The Best French Onion Soup You'll Ever Have (AKA My Mom's Famous Recipe)

9:00 AM

People often tell me that "You're your mother's daughter." Aside from the fact that she doesn't like coconut (blasphemy), we are alarmingly similar. So similar, in fact, that I didn't write a single thing down when she was schooling me in the ways of making the world's best French onion soup. You see, dear mom keeps all her recipes locked up in the ol' noggin and freestyles as she goes. Actually, I take that back...I wouldn't call her onion soup recipe 'freestyling'. Instead, she uses years of experience (her specially trained nose knew exactly when the onions had the first hint of caramelization) to make sure the recipe is adjusted just so. So, now I'm recording this recipe so I have it forever and share it with my friends and family, just as my mom does and her mom does. The measurements aren't an exact science, which may really irritate some of you and give you extreme anxiety. Take a Xanax, drink some wine and chill....because it'll all turn out magical in the end. Alright, here goes.
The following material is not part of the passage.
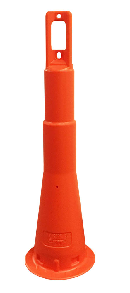 Very durable slim design which is perfect for narrow roadways where space is an issue. Stackable with or without recycled rubber bases (sold separately). Features and overside handle with light bracket for flashing barricade lights which allows the devices to be easily grabbed with or without light attached. MASH Accepted, meets MUTCD Standards

Olive oil, enough to coat the bottom of the pot
Onions (preferably vidalia), one big bag
Sugar, 1-3 wooden spoonfuls
Dry white wine (good quality), 2 bottles
Low-sodium beef stock, 2 boxes
Crusty bread, one loaf
Jarlsberg cheese, the more the merrier
Stock pot (you need the big one...I thought my pasta pot would work, but no way once you slice up all those onions)
Food processor, optional but very smart to use

1. Look at the clock. Do you have 7 hours to cook some soup? Then by all means, commence reading this epic recipe. If not, not pass go. You can't rush this process, and if you speed through it, your French onion soup will be mediocre at best, slimy mush at worst.

2. Coat the bottom of your pot in olive oil, and turn up the heat to medium high. Start slicing the onions with the slicer blade on your food processor, and toss the sliced onions into the pot as the food processor cup fills.
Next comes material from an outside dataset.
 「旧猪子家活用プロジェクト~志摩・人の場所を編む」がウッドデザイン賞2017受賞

3. After each batch goes in, sprinkle in the sugar and stir to coat. When I say sprinkle, I mean dump in a wooden spoonful. We did about three large wooden spoonfuls of sugar for this batch, since I bought the wrong onions at Costco (regular yellow instead of amateur move on my part). Mom explained that she normally only uses about one wooden spoonful when using vidalia onions, but these needed some sweetening to take the acidic onion taste down and help with the eventual caramelization process.

This was when the onions just started caramelizing, and got their first one or two stirs.
3. Now, this is the part where I was goofing up. Once you have stirred in the sugar and the onions start cooking down, don't touch them. At all. When do we stir them, you ask? This is the tricky part where my mom's hound-like nose came into play. She smelled the faintest scent of caramelization, and knew to stir. For novices like you and me with useless noses, I'd give it about 20-30 minutes. Once you see the faintest bit of caramelization, turn the heat down to just a pinch below medium and give it a quick mix.

This was about half-way through the caramelization process
4. Keep stirring every 20-40 minutes or so until most of the liquid is dissolved and you have a nice, even, dark color. You want to give the onions ample time on the bottom of the pot to develop that color and sweet flavor, so try and feel it out for when you should stir based on their progress. It's important not to rush this process - don't turn up the heat to speed it up. Just let time and heat do it's thing. When you stir, be sure to scrape up any bits that get stuck onto the pot bottom. There's some super flavors in that.

After adding the wine
5.When all the liquid is gone, your onions are getting some deep color, and they need to be stirred pretty often to prevent burning, then it's time to bring in the wine. We poured in two bottles of white, and scraped up any remaining bits from the bottom. We then added our low-sodium beef broth.

6. Bring your soup to a boil, then reduce heat to a simmer. Cover, and let cook for a few hours (our went for another 3 hours). The ideal goal is to get the liquid to reduce by almost half, so all those flavors intensify and blend together. Uncover in the last hour of cooking.

7. When ready to serve, slice up some pieces of crusty bread and Jarlsberg cheese. Place under the broiler, watching them carefully so the bread and cheese don't burn. When the cheese gets melted and bubbly, it's take to take them out. Place immediately in the soup using tongs (be careful not to drop it...the hot splash of soup will hurt!) and let it soak up that fantastic broth. Conversely, you can dish the soup into bowls that are oven-safe, put the bread and cheese in them, and place that directly under the broiler.

8.  Enjoy!

Note: My grandmother and mom both agree that it's best to wait a day to eat the soup, but you don't have to. Just make sure you have leftovers, because the day after is even better.